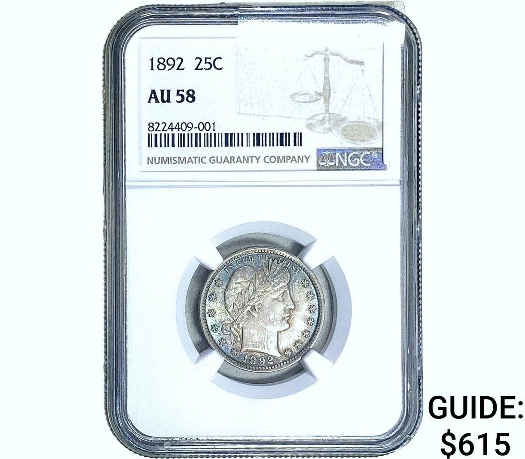 1892 Barber Quarter NGC AU58
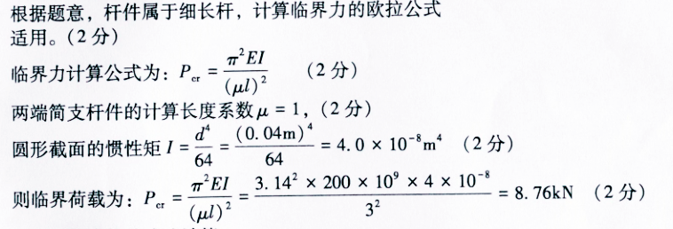 求图示两端简支圆形截面杆件在考虑稳定时的临界力,已知该杆件属于细长杆,弹性模量E=200GPa。正确答案: 作者:高老师 时间:2024-08-04 浏览 0 求图示两端简支圆形截面杆件在考虑稳定时的临界力,已知该杆件属于细长杆,弹性模量E=200GPa。正确答案:【正确答案】:正确答案: 📱 扫码体验刷题小程序 扫一扫使用我们的微信小程序
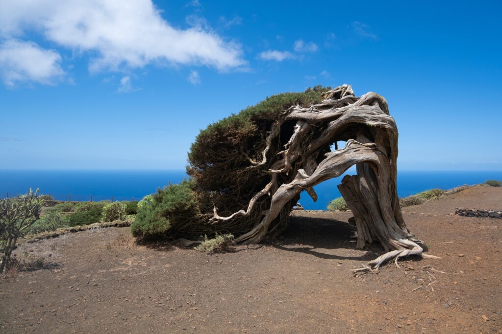 The Phoenicean juniper (Juniperus phoenicea var. canariensis) is the natural symbol of El Hierro. With a dense crown and evergreen foliage, it can reach up to 8 metres in height. Its wood is very aromatic and resistant, and its reddish fruits ripen slowly. It adapts to extreme conditions: from dunes to volcanic cliffs, withstanding winds and drought.
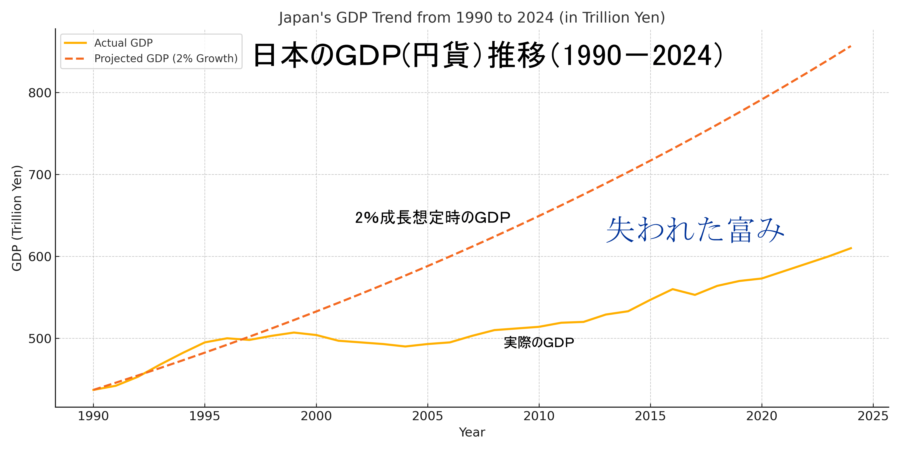 日本のGDP(円貨)の1990年から2024年までの推移です。下の折れ線が、実際の数値です。上の破線は、1990年の数字を起点として、毎年2%成長した時の推移です。2%は最も低いインフレかつ成長率です。他国と同様に普通の成長をしていれば、いま、GDPは倍になっているのです。つまり、ほっといてもあがる数字を上げない政策をとったという事を意味しているのです。これでも、失われた30年を作り出した政治家・官僚・経営者をそのままにしておくのですか?
++++++
◆ **What needs to be done**
If a picture falls within the span, leave it out, and reproduce exactly the lines from the one containing "The Phoenicean juniper" through the end of the material, and no others.

◆ **Expected answer**
 The Phoenicean juniper (Juniperus phoenicea var. canariensis) is the natural symbol of El Hierro. With a dense crown and evergreen foliage, it can reach up to 8 metres in height. Its wood is very aromatic and resistant, and its reddish fruits ripen slowly. It adapts to extreme conditions: from dunes to volcanic cliffs, withstanding winds and drought.
 日本のGDP(円貨)の1990年から2024年までの推移です。下の折れ線が、実際の数値です。上の破線は、1990年の数字を起点として、毎年2%成長した時の推移です。2%は最も低いインフレかつ成長率です。他国と同様に普通の成長をしていれば、いま、GDPは倍になっているのです。つまり、ほっといてもあがる数字を上げない政策をとったという事を意味しているのです。これでも、失われた30年を作り出した政治家・官僚・経営者をそのままにしておくのですか?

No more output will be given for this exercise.